The Indian health insurance industry is becoming large and accounts for a significant portion (around 8%) of the hospitals billings and one would have thought that they would use their clout to get such practices changed. However, very clearly the health insurance industry has yet to acquire that much clout. Most insurance companies try to reduce the burden by restricting the daily room rents that they will reimburse under the health insurance plan. In such cases consumers have to bear the difference between the maximum room rent payable under the insurance plan and the actual room rent charged.
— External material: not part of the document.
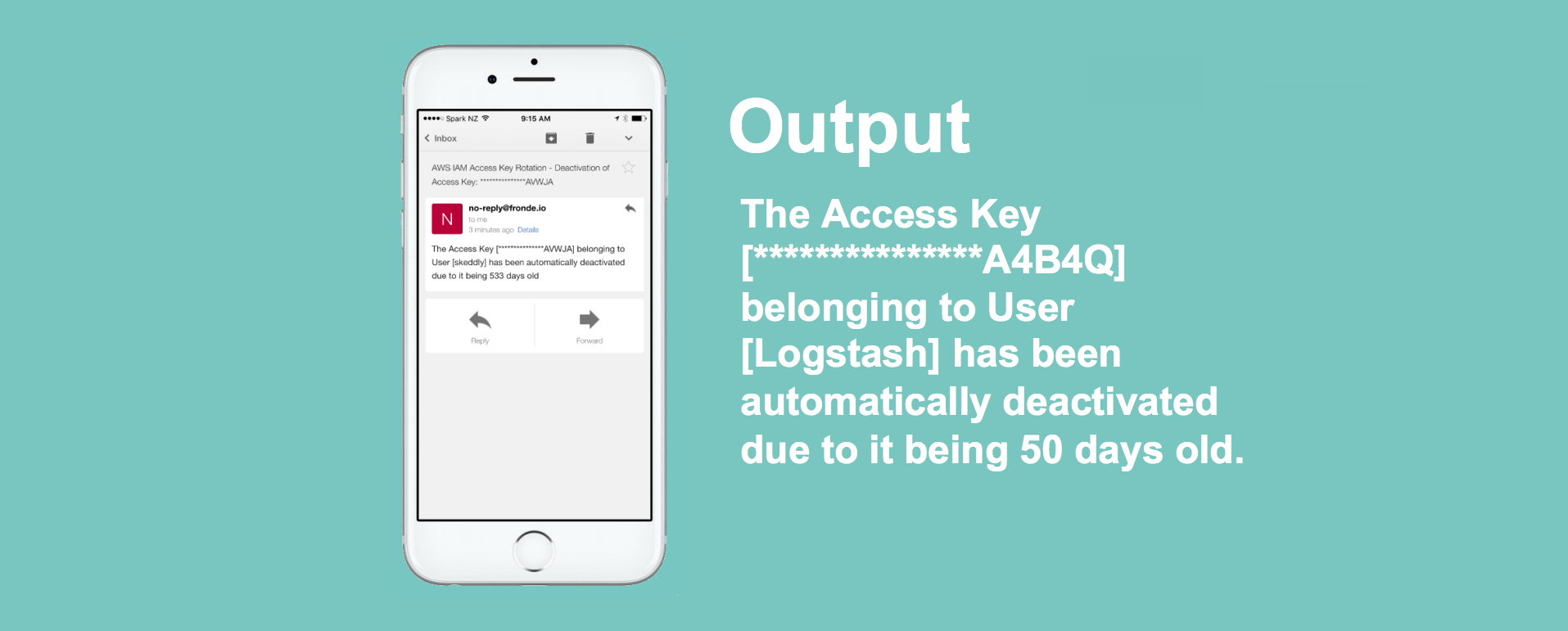 3. aws lambda invoke --function-name AccessKeyRotation report.log --region us-east-1

However, in a worrying trend, at least one company has introduced a co-pay provision under which the consumer will pay for the higher expenses (on operations, doctor's fees, etc.) charged due to the customer opting (or being forced to take) for a private air conditioned room even though the total expenditure may be well within the policy limits. Clearly the insurance company is transferring the entire burden arising from such differential pricing practices on to their consumers.

 

Health care reform, especially for issues that affect only the middle classes, is still not big enough to become an election issue in India. However with the growing assertiveness of the middle class which is no longer prepared to accept the below standard services in public hospitals and who bear the brunt of such differential pricing policies in the private health care hospitals will ensure that sooner rather than later these kind of practices will invite regulations from the government. Till then the consumers must take care to choose their insurance company appropriately or just grin and bear it.